(Problem requirements) Write the listing below out again word for word, without a single picture.

(Supplied data)
=-=-=

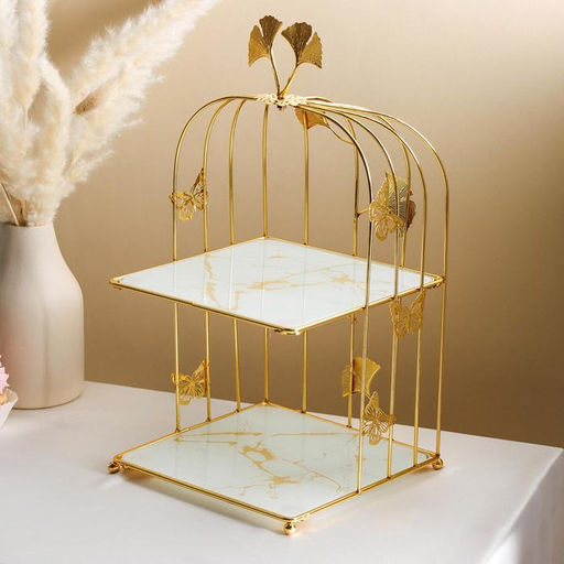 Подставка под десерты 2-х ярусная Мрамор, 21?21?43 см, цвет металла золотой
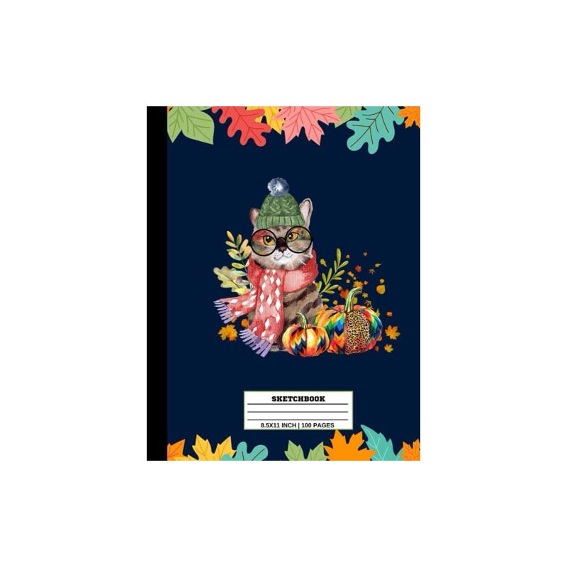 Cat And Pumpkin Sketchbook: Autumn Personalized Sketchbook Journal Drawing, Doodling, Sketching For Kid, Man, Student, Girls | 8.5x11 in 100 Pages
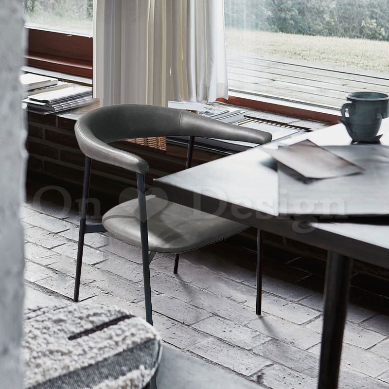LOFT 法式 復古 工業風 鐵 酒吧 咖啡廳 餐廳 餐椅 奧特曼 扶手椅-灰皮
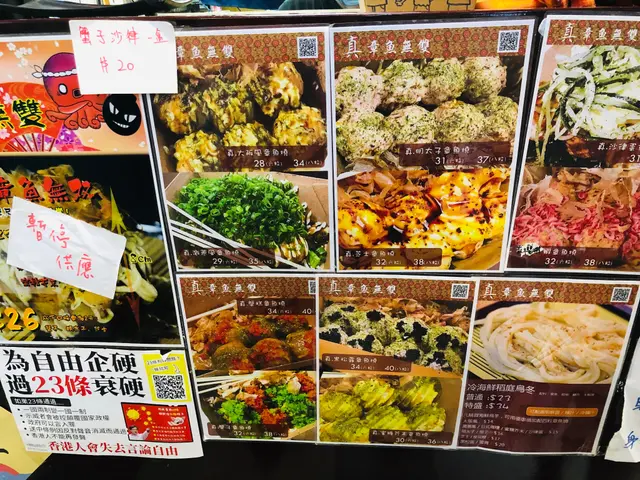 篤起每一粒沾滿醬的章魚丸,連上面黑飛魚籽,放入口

=-=-=

(Result)
 Подставка под десерты 2-х ярусная Мрамор, 21?21?43 см, цвет металла золотой
 Cat And Pumpkin Sketchbook: Autumn Personalized Sketchbook Journal Drawing, Doodling, Sketching For Kid, Man, Student, Girls | 8.5x11 in 100 Pages
LOFT 法式 復古 工業風 鐵 酒吧 咖啡廳 餐廳 餐椅 奧特曼 扶手椅-灰皮
 篤起每一粒沾滿醬的章魚丸,連上面黑飛魚籽,放入口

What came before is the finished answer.